An in vitro model to measure the effect of a silver fluoride and potassium iodide treatment on the permeability of demineralized dentine to Streptococcus mutans

Abstract

Diamine silver fluoride (Ag(NH3)2F), referred to as AgF, has been used to reduce the incidence of caries in primary dentitions but has been limited by the associated staining of both teeth and restorative materials. The application of potassium iodide (KI), following AgF prevents staining but its effects on the ability of AgF to reduce caries are not known. The aim of this study was to develop an in vitro model that would provide an indication of the permeability of demineralized dentine to Streptococcus mutans after treatment of the dentine with AgF followed by KI. Forty dentine discs were bonded to the base of forty 5mL polycarbonate screw top vials (that had had their bases removed), filled with nutrient medium, sterilized and placed into a continuous culture of S. mutans. Samples were divided into four groups as follows: 10 samples of demineralized dentine as a control, 10 samples of demineralized dentine treated with AgF/KI, 10 samples of demineralized dentine treated with KI and 10 samples of demineralized dentine treated with AgF. After two weeks the optical density of the growth medium chambers was measured to determine bacterial penetration and growth.
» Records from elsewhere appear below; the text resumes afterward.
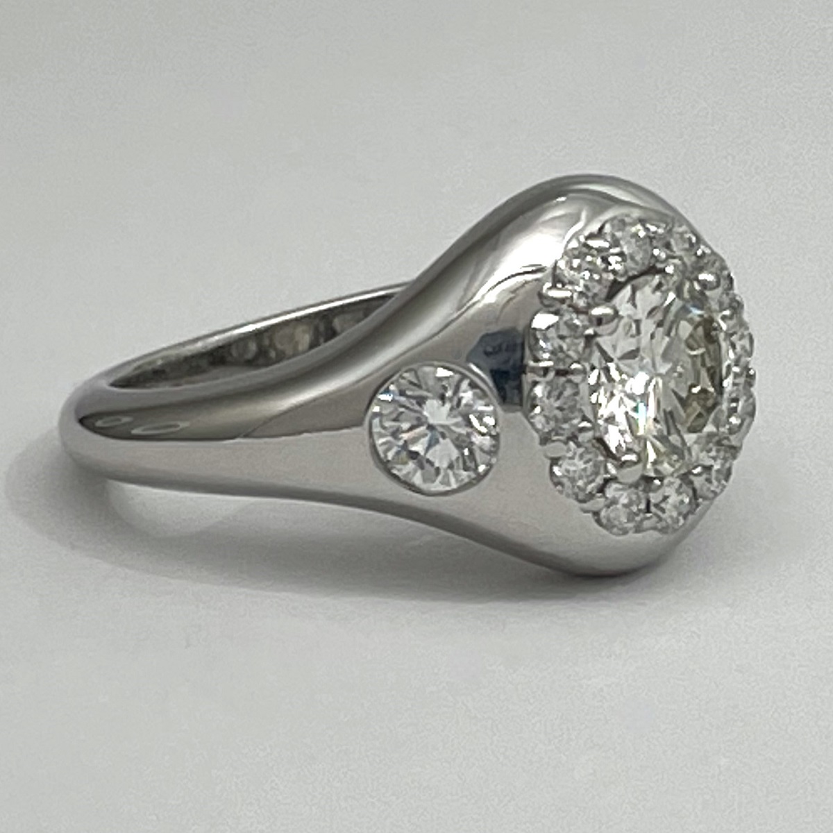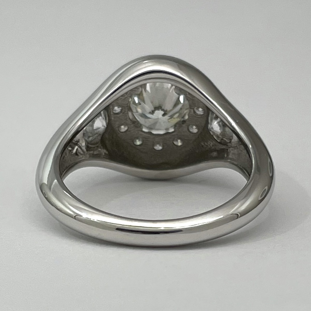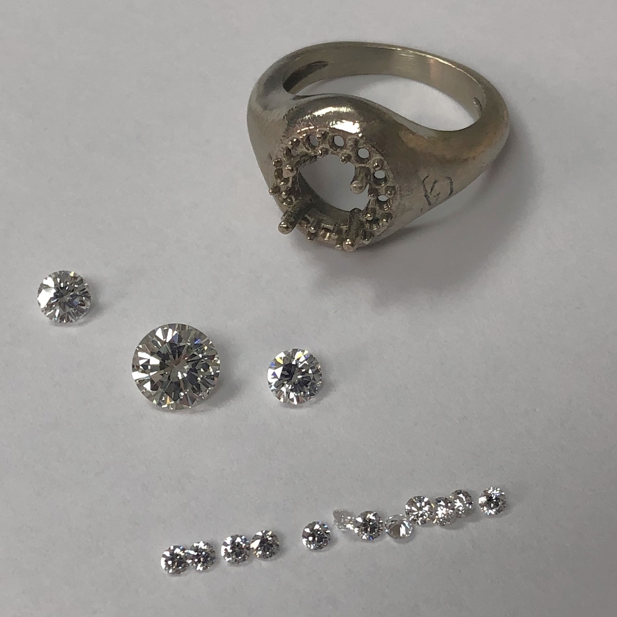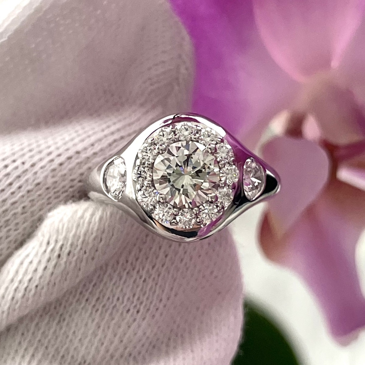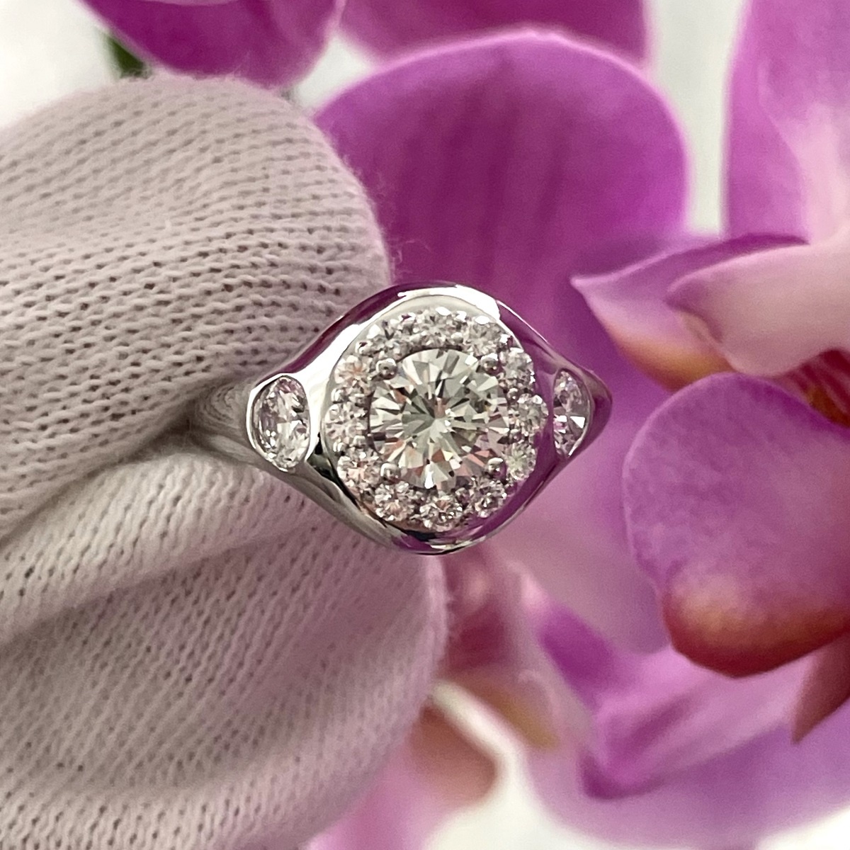 This ring is made with 14k white gold and natural round brilliant diamonds that are prong set and bezel set.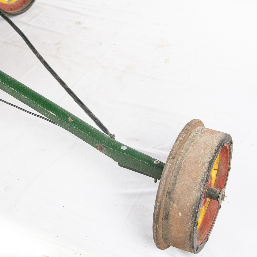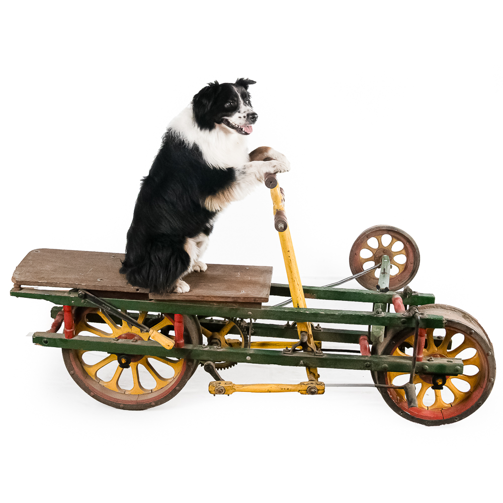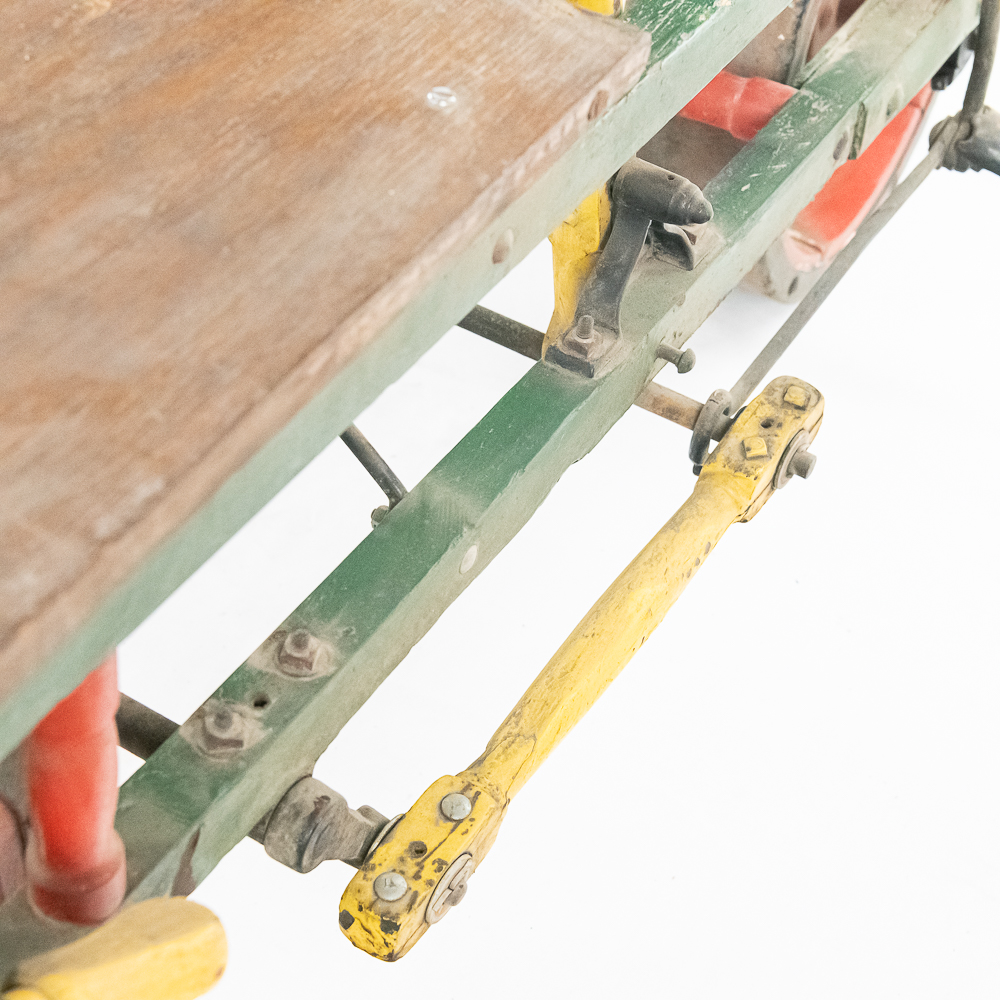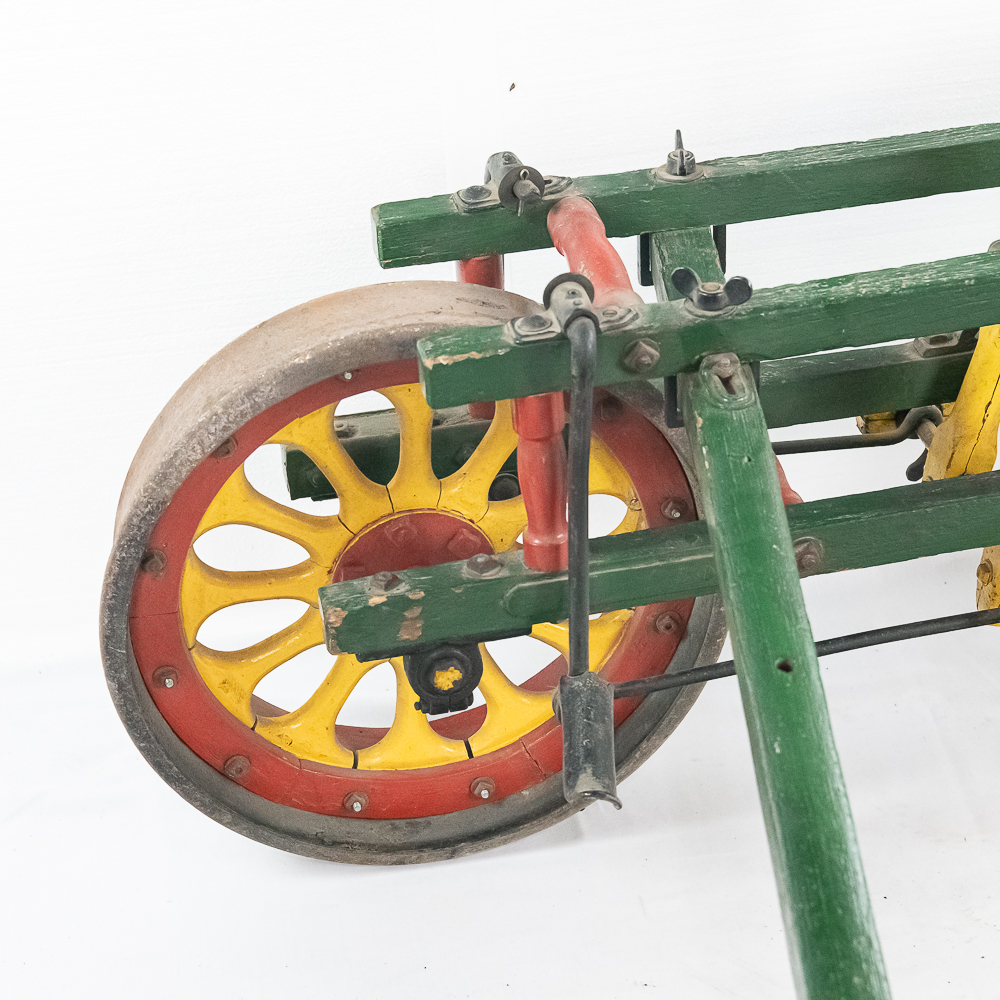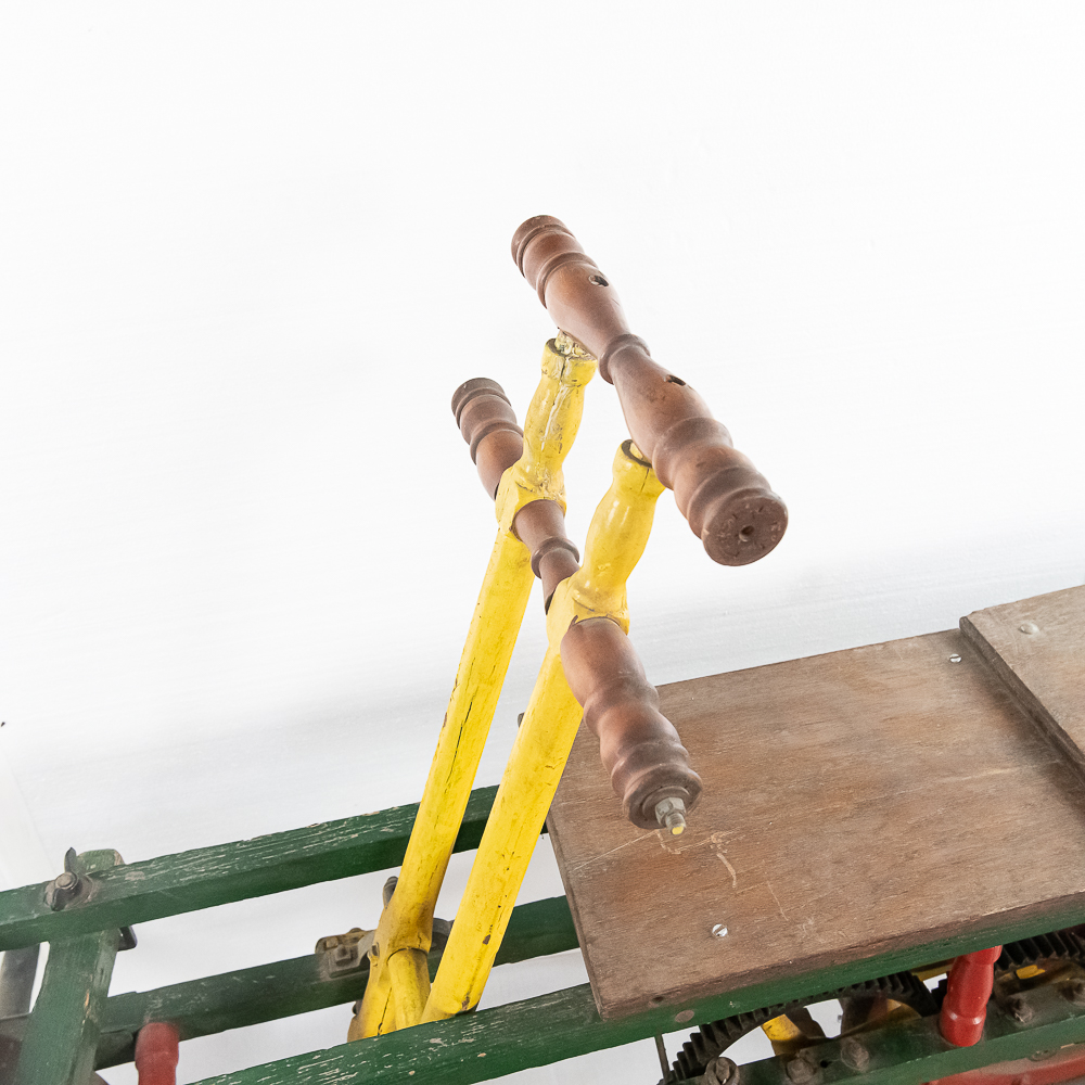 The Sheffield Velocipede Car Company of Three Rivers, Michigan had its beginnings about 1877, when George S. Sheffield invented a three-wheeled railroad hand-car propelled by a combination of hand and foot power used in a push-pull fashion. At about 140 lbs., it was light enough to be swung off the tracks to make way for trains, and made an excellent track inspection car. The operator sits in the seat with the front and rear wheel on one rail with a wood outrigger and wheel resting on the opposite rail for stability. Wood body, steel wheels, cranks, and gears. In VG original condition with nice original paint. A real museum piece that is still fully operational. Overall measures 6′ wide with the outrigger extended, 6′ long, and about 40″ tall.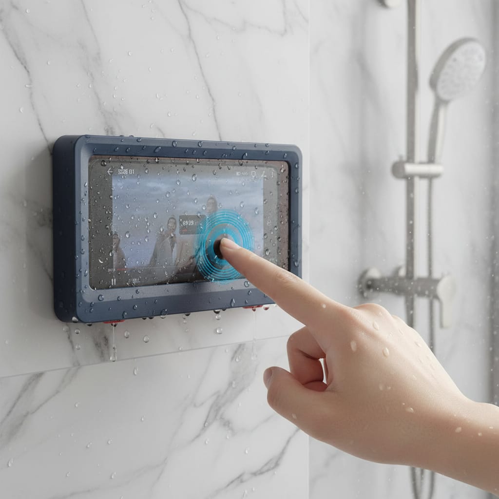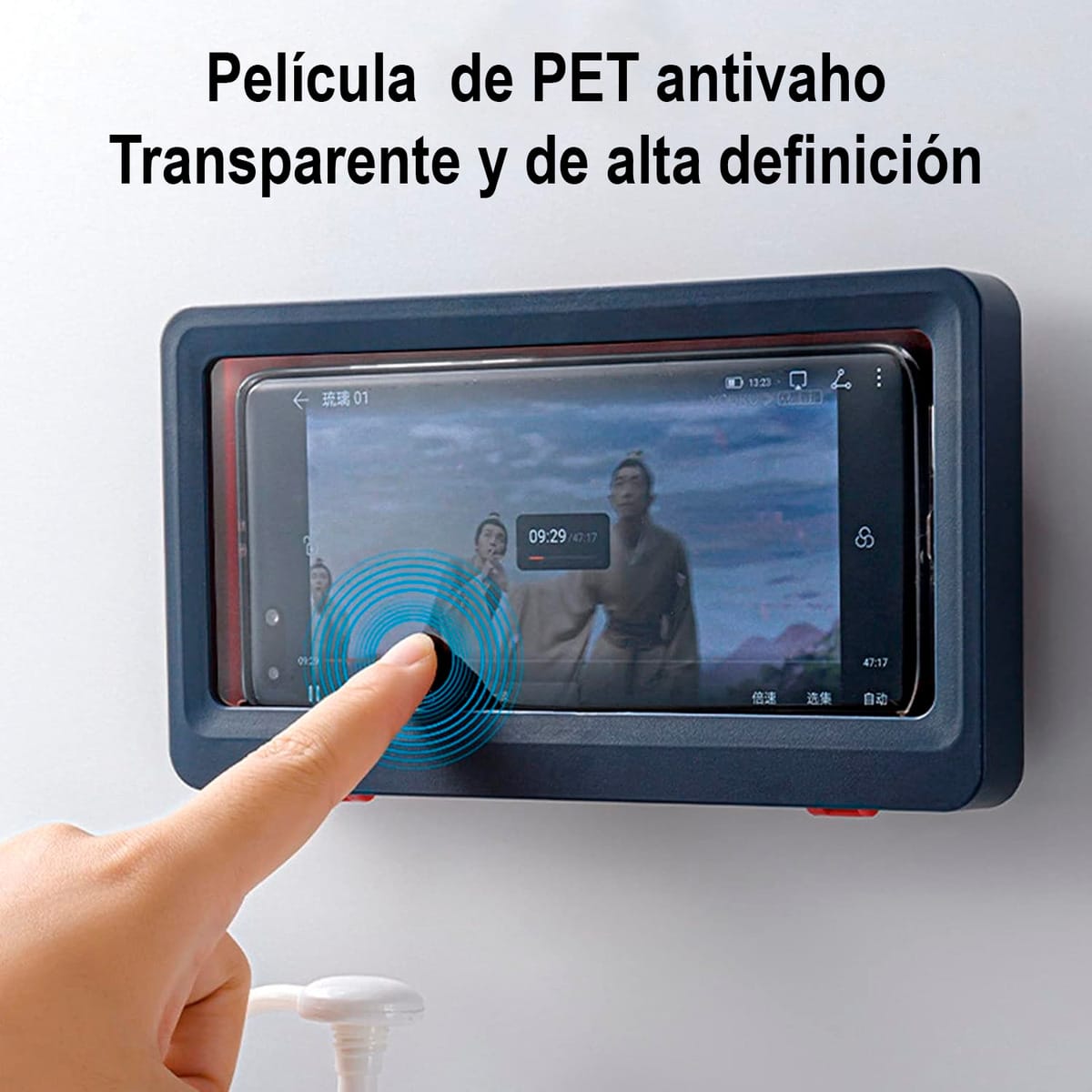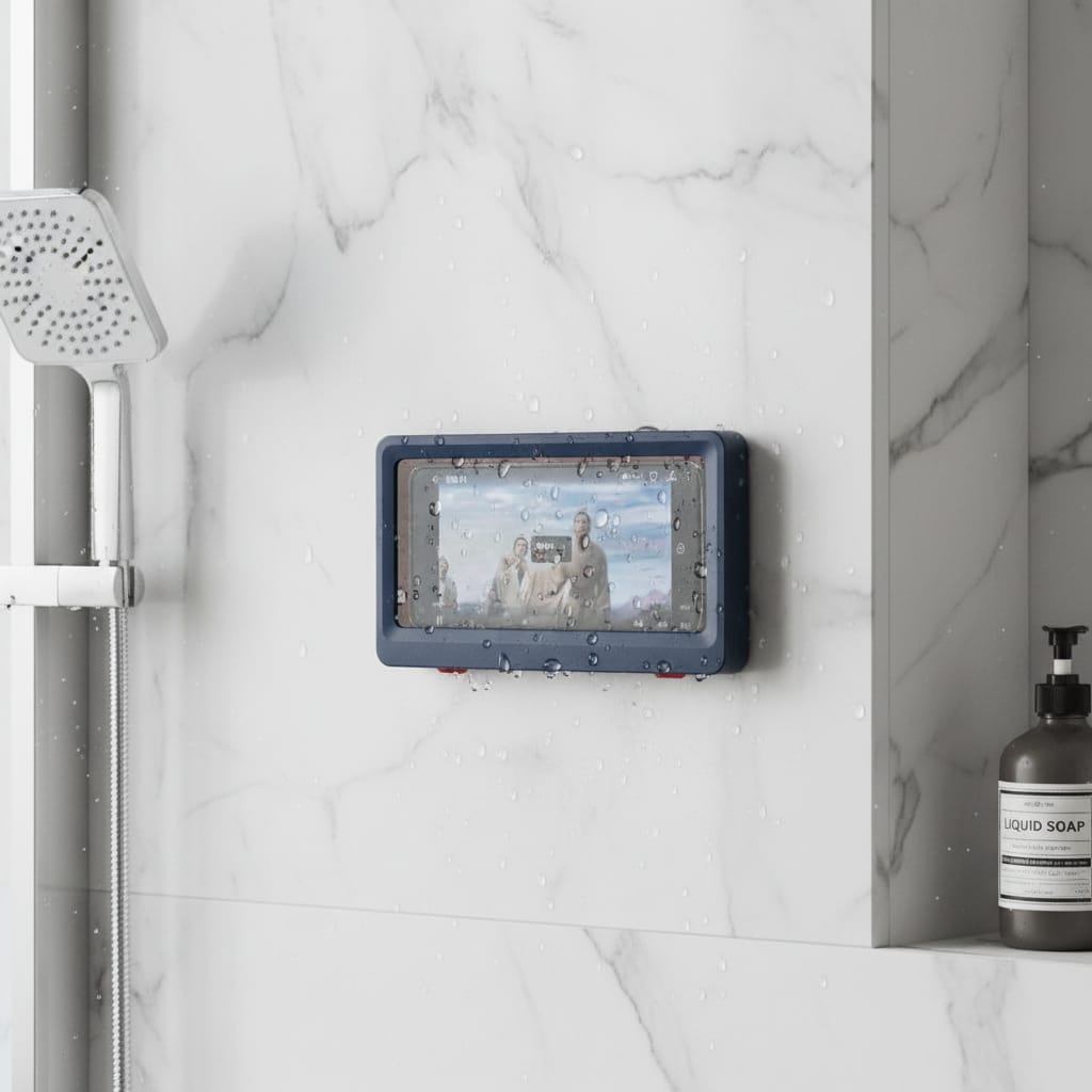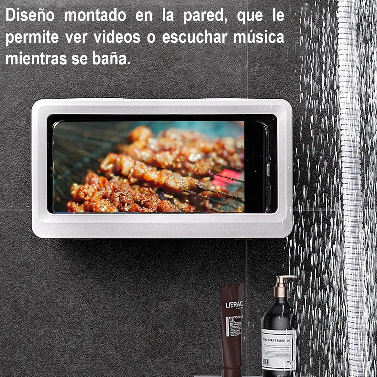 El soporte es totalmente impermeable y antivaho, protegiendo el teléfono del agua y la humedad. Permite usar el celular en la ducha o en la cocina sin preocuparse por salpicaduras o condensación en la pantalla.

Cultures were plated out to determine migration through the discs by S. mutans. S. mutans migrated through all dentine discs. However, the samples treated with AgF and AgF/KI had significantly lower optical densities than the corresponding controls. The range of optical densities was least amongst demineralized samples treated with AgF/KI. Under the conditions of this study, treatment of demineralized dentine discs with AgF followed by KI allowed the penetration of S. mutans. Based on optical density measurements, the treatment resulted in significantly fewer microorganisms being present subjacent to the discs treated with AgF and KI than the control discs at the end of the experimental period.